Tuesday, April 5, 2011

Review: Between Shades of Gray by Ruta Sepetys

Between Shades of GrayTitle: Between Shades of Grey
Author: Ruta Sepetys
Series: Stand Alone
Pages: 352
Published: Available now from Philomel Books
ISBN: 9780399254123
Source: traded for ARC

Description: Lina is just like any other fifteen-year-old Lithuanian girl in 1941. She paints, she draws, she gets crushes on boys. Until one night when Soviet officers barge into her home, tearing her family from the comfortable life they've known. Separated from her father, forced onto a crowded and dirty train car, Lina, her mother, and her young brother slowly make their way north, crossing the Arctic Circle, to a work camp in the coldest reaches of Siberia. Here they are forced, under Stalin's orders, to dig for beets and fight for their lives under the cruelest of conditions. Lina finds solace in her art, meticulously—and at great risk—documenting events by drawing, hoping these messages will make their way to her father's prison camp to let him know they are still alive. It is a long and harrowing journey, spanning years and covering 6,500 miles, but it is through incredible strength, love, and hope that Lina ultimately survives.

I Give This ...

I must have had a great history teacher in high school because this subject is suppose to be buried and not very well known.  But I remember learning about the atrocious acts against his own people that Stalin commited during World War II.  All of these while an ally of of the US, Great Britain, etc.  But then Russian history in the 20th century is bloody and cruel.  I think anyone who thought otherwise was kidding themselves.

I held my breathe the day the NKVD came into Lina's house and took her family.  It's one of those things that you know what's coming and you can't help but feel that panic and confusion that Lina and her family must have felt.  These people were treated in the same manner that the Jews were by Hitler.  Only the world wasn't watching in horror.  They were loaded on to trains like cattle with little food and water.  They died from diseases that could have been prevented or cured.  They were forced thousands of miles from their homes all because Stalin had labeled them political prisoners, or accused them of crimes they had never committed.  They were forced to work long and hard hours for the little amount of food they were given and nothing more.  They had to beg and steal from the soldiers and guards watching them just to survive.  
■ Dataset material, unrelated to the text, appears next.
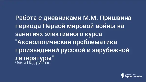 На примере творчества М.М. Пришвина периода Первой мировой войны можно познакомить ребят с таким литературным жанром, как дневник писателя, с его особенностями. В статье рассматриваются различные виды и формы работы на занятиях элективного курса с тем, чтобы учащиеся наиболее эффективно могли выявлять художественные приемы и средства раскрытия темы войны и мира в произведениях М.М. Пришвина, познакомились с изобразительно-выразительными средствами раскрытия авторской позиции в произведениях документальных жанров.

It was horrible reading about it.  I'm surprised I didn't cry throughout this book.  But, I think it's because I've learned throughout history that the human race is not always kind to it's fellow man.  It's something that should not be forgotten, but sadly I'm sure history at some point will repeat itself.  The way ray of light throughout this story is Lina herself.  She never gives up hope.  She's surprisingly resilient for a 15-year-old girl.  She continues to try and send letters and pictures to her father in the hopes that one day they will be reunited.  She stands her ground and doesn't lose herself or her principles in her struggle to just survive.  And through it all she finds love.

I really wanted to give this 5 stars, and the story itself is a must read.  But, I didn't really like the ending.  I knew it wouldn't have happy one, because really how could it.  But then ending gave you the hope that things were going to be better, that they were saved.  And yet, you know that Lena and her family don't go home for many more years after that by the epilogue.  Were things better after that fateful arrival or was it many more years of the same?